The number of reported cases of Lyme disease in Nova Scotia is expected break records for the third year in a row, according to provinces’s department of health and wellness.
The data for 2017 requires further analysis before being released in a report, so the numbers can still change, but the department expects that the numbers will continue to follow the province’s upward trend.
“This is really expected as there has been an increase in awareness in Nova Scotia, and that usually results in more testing,” Colleen Ryan, communicable disease prevention and control consultant for the department, said in an interview on Tuesday in Halifax.
Nova Scotia also offers “a good environment for tick populations to grow,” she said, referencing the climate, woodland areas and migrating birds acting as hosts.
Colleen Ryan, a communicable disease prevention and control consultant for the department, says it's expected that… twitter.com/i/web/status/9…—
Steve Silva (@SteveCSilva) May 08, 2018
The exact numeric increase has yet to be determined.

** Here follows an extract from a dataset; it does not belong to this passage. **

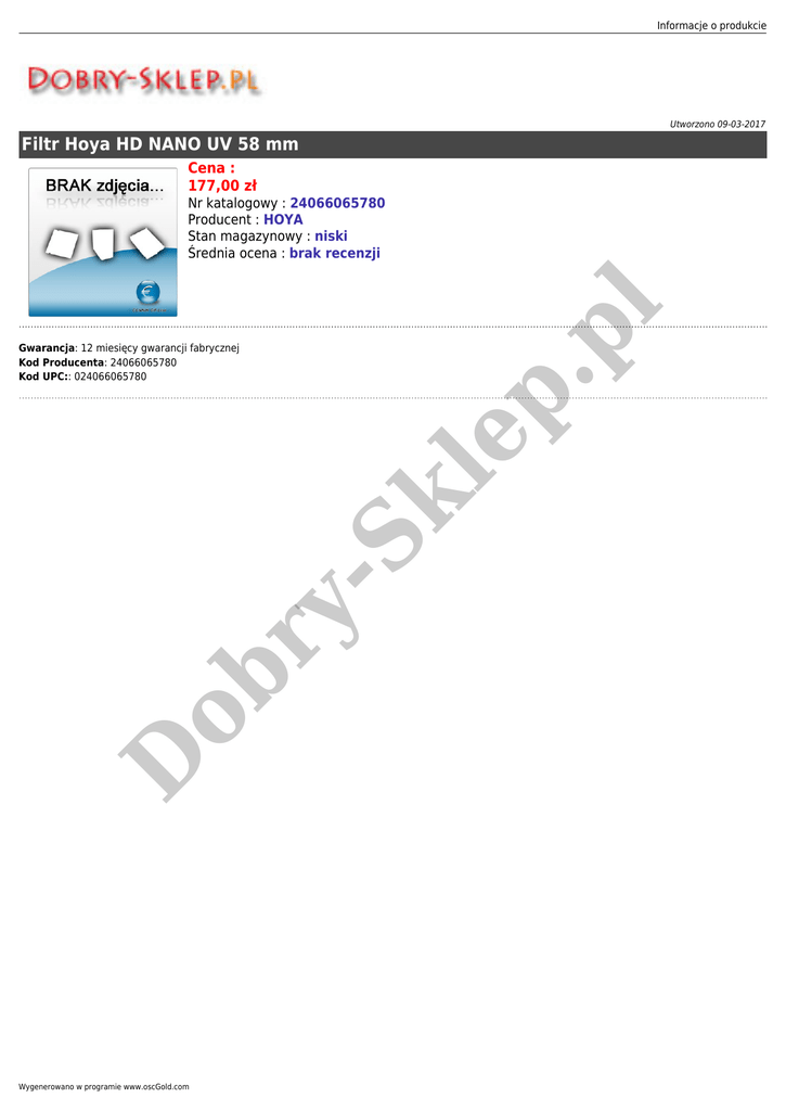 Informacje o produkcie Utworzono 09-03-2017 Filtr Hoya HD NANO UV 58 mm Cena : 177,00 zł p. pl Nr katalogowy : 24066065780 Producent : HOYA Stan magazynowy : niski Średnia ocena : brak recenzji D ob ry - Sk le Gwarancja: 12 miesięcy gwarancji fabrycznej Kod Producenta: 24066065780 Kod UPC:: 024066065780 Wygenerowano w programie www.oscGold.com
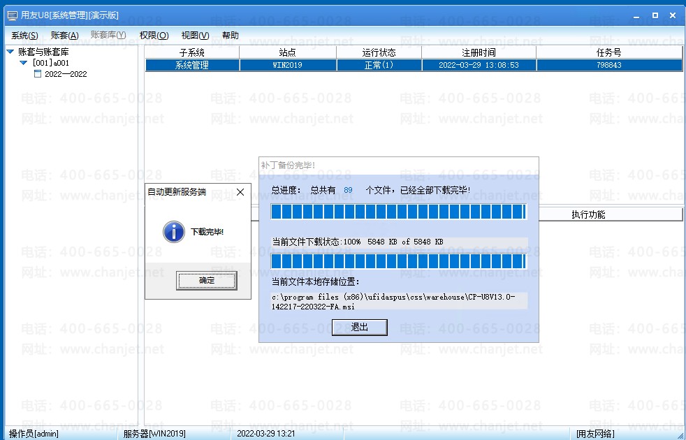 7、保存成功后,在右下角 用友U8自动更新服务端 点 立即更新 就会出现 新补丁列表 如下图 如果不想赛选,就直接全部选择即可 如果想赛选 就直接点右边产品模块过滤 直接过滤掉不需要的模块补丁即可 然后点下载 就可以自动开始下载;我这里显示89个补丁(截止日期:2022年三月22日)

The available numbers, derived from the province’s 2016 surveillance report (PDF), include probable and confirmed cases.
According to a 2012 report (PDF), the first cases in the province were identified in 2002; the number of cases between then and 2007 were all under 10 per year.
The department doesn’t have a forecast for numbers beyond 2017, Ryan said.
The number of estimated higher-risk Lyme disease areas in Nova Scotia more than doubled since last year, now encompassing about two-thirds of the province, according to the department. Now, only Cape Breton Island is classified as having a lower risk, and Guysborough County has a moderate risk.
Donna Lugar, the Nova Scotia representative of the Canadian Lyme Disease Foundation, said that awareness is key.
“The most important thing are for all the people that are suffering that don’t know what they have or they can’t get a diagnosis, they can’t get treatment, they’re going to the [United] States, they’re going alternative healthcare practitioners,” she said in an interview on Monday. ”
“We need doctors to jump on board, and I know that some doctors have been personally affected with this because of themselves or family members, and they need to start speaking up.”
Ryan identified checking for ticks, wearing pants and shirts with long sleeves, and using insect repellent as a few worthwhile measures to employ to try to avoid ticks, namely in area with a higher risk.
“Just as you would protect yourself from the sun when you go outside, we want people to protect themselves from tick-borne diseases,” she said.
Symptoms and other preventative measures regarding the disease are listed on the province’s website.
“Tick populations are expanding in Nova Scotia,” according to the website.
May is Lyme Disease Awareness Month in the province.